Your task: Set down each line of the data below exactly as it stands, dropping the pictures.

Dataset extract:
· · · · ·
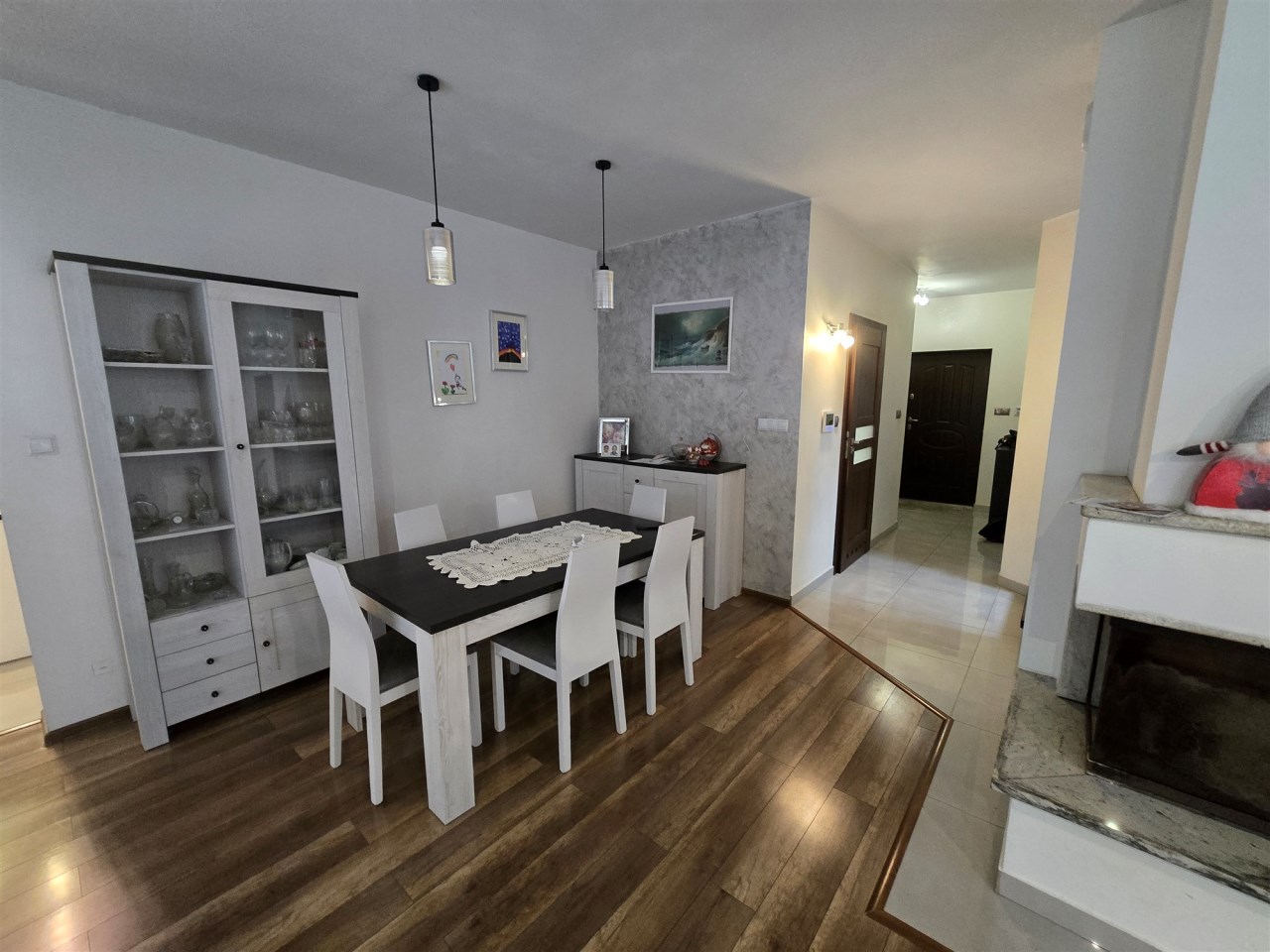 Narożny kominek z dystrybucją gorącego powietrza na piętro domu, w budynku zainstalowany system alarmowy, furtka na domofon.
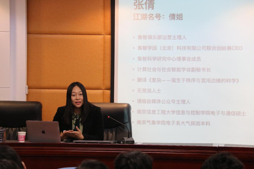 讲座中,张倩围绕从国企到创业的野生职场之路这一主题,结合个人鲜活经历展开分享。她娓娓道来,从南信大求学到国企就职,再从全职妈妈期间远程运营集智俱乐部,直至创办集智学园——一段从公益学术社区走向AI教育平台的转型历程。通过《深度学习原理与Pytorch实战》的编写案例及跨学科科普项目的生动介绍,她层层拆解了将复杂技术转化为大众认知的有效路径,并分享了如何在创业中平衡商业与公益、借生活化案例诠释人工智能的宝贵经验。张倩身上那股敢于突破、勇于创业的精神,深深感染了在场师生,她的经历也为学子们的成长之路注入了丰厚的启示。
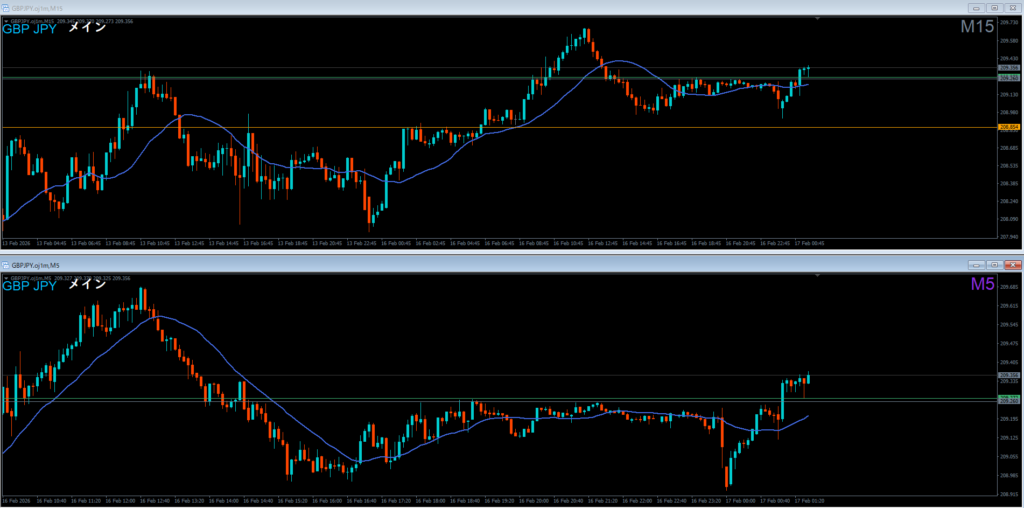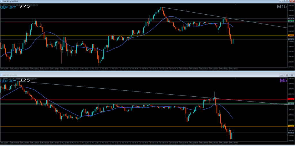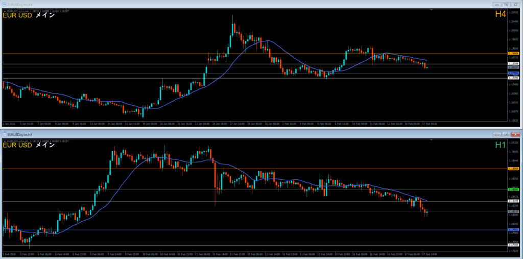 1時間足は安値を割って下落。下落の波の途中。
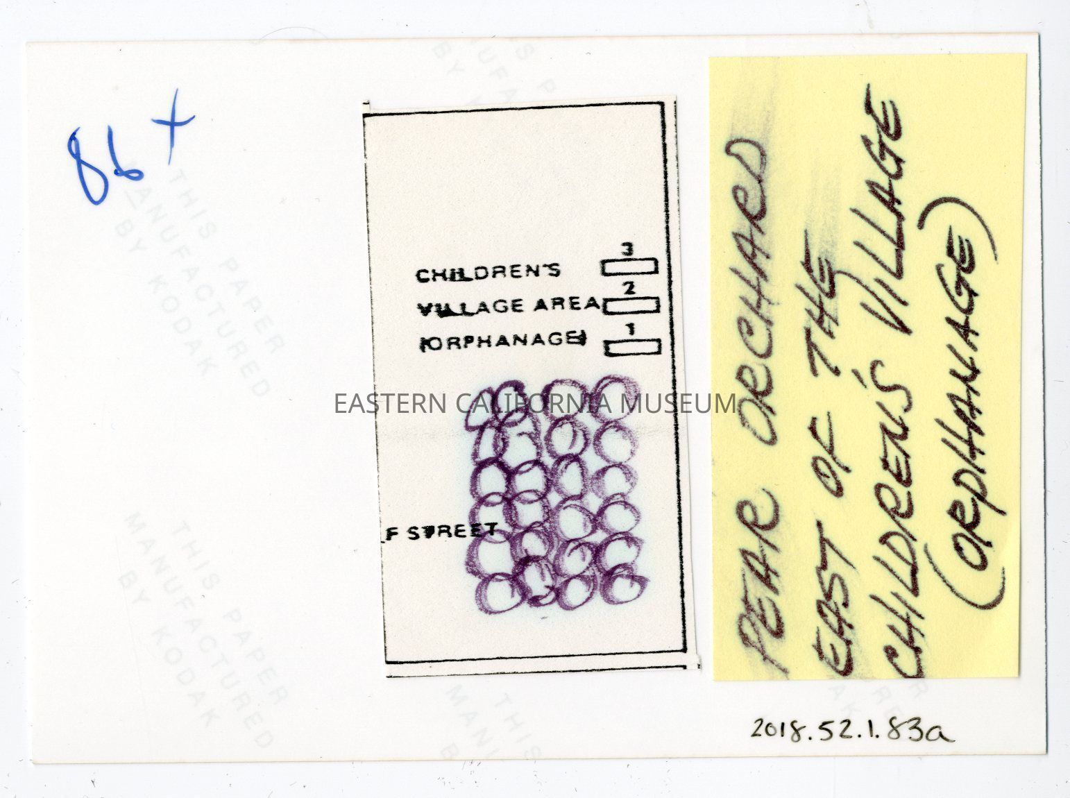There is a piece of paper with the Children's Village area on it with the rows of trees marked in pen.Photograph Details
· · · · ·
Result for this exercise:
 Narożny kominek z dystrybucją gorącego powietrza na piętro domu, w budynku zainstalowany system alarmowy, furtka na domofon.
 讲座中,张倩围绕从国企到创业的野生职场之路这一主题,结合个人鲜活经历展开分享。她娓娓道来,从南信大求学到国企就职,再从全职妈妈期间远程运营集智俱乐部,直至创办集智学园——一段从公益学术社区走向AI教育平台的转型历程。通过《深度学习原理与Pytorch实战》的编写案例及跨学科科普项目的生动介绍,她层层拆解了将复杂技术转化为大众认知的有效路径,并分享了如何在创业中平衡商业与公益、借生活化案例诠释人工智能的宝贵经验。张倩身上那股敢于突破、勇于创业的精神,深深感染了在场师生,她的经历也为学子们的成长之路注入了丰厚的启示。
 1時間足は安値を割って下落。下落の波の途中。
There is a piece of paper with the Children's Village area on it with the rows of trees marked in pen.Photograph Details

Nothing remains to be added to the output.